Could you return the data that follows exactly, minus the images?

• Supplied material
>>>>>

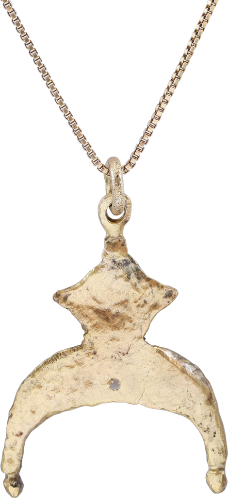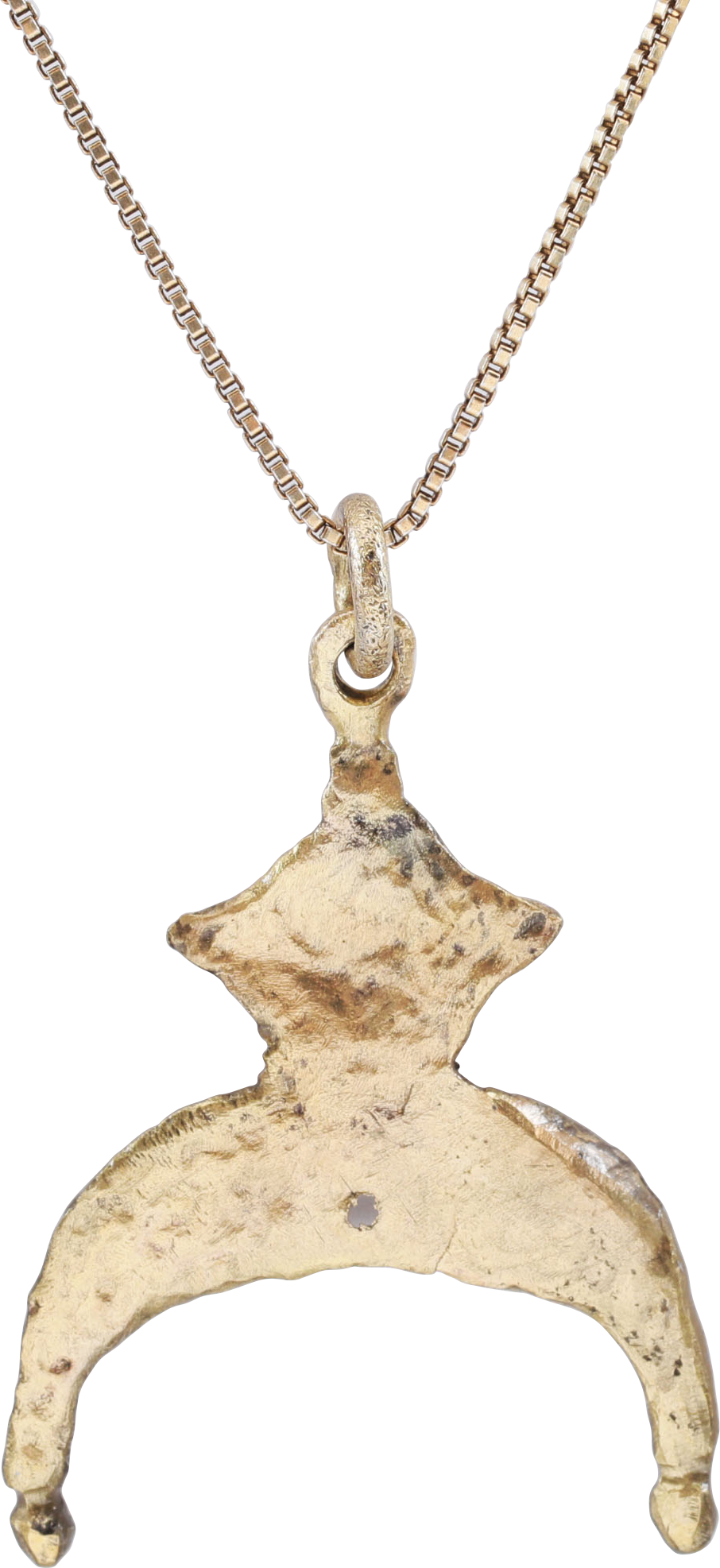 Slightly over 1 1/4 “(1.27”) height including the suspension loop. Bronze, cast, and chased in minute detail as the raised edge crescent moon with baluster tips representing Sol the sun and Mani the moon. The crescent form body with lattice or hound’s tooth raised motif. The combination undoubtedly represents an astronomical event with supernatural significance. Above, a nubbed four spoke wheel. Undoubtedly of astrological significance, now lost. Viking worship involved the heavenly bodies on which they relied for guidance when sailing. Fine quality. Excellent condition with the 24karat gold overlay restored and mounted on an 18” modern gilt silver neck chain for contemporary wear. Jewelry gift boxed with a certificate of authenticity.
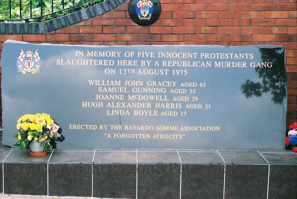 “In memory of five innocent Protestants slaughtered here by a republican murder gang on 13th August 1975. William John Gracey Aged 63, Samuel Gunning, aged 55, Joanne McDowell aged 29, Hugh Alexander Harris aged 21, Linda Boyle aged 17. Erected by the Bayardo Somme Association. “A forgotten atrocity””
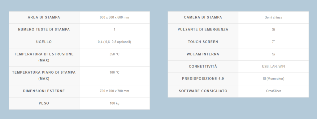 Stampa fino a 60 cm in qualsiasi direzione con ugelli intercambiabili (0,4, 0,6 e 0,8 mm) e temperature fino a 350 °C, compatibile con materiali avanzati come PLA, PETG e PETG-Carbonio.

<<<<<

• Solution for this task
 Slightly over 1 1/4 “(1.27”) height including the suspension loop. Bronze, cast, and chased in minute detail as the raised edge crescent moon with baluster tips representing Sol the sun and Mani the moon. The crescent form body with lattice or hound’s tooth raised motif. The combination undoubtedly represents an astronomical event with supernatural significance. Above, a nubbed four spoke wheel. Undoubtedly of astrological significance, now lost. Viking worship involved the heavenly bodies on which they relied for guidance when sailing. Fine quality. Excellent condition with the 24karat gold overlay restored and mounted on an 18” modern gilt silver neck chain for contemporary wear. Jewelry gift boxed with a certificate of authenticity.
 “In memory of five innocent Protestants slaughtered here by a republican murder gang on 13th August 1975. William John Gracey Aged 63, Samuel Gunning, aged 55, Joanne McDowell aged 29, Hugh Alexander Harris aged 21, Linda Boyle aged 17. Erected by the Bayardo Somme Association. “A forgotten atrocity””
 Stampa fino a 60 cm in qualsiasi direzione con ugelli intercambiabili (0,4, 0,6 e 0,8 mm) e temperature fino a 350 °C, compatibile con materiali avanzati come PLA, PETG e PETG-Carbonio.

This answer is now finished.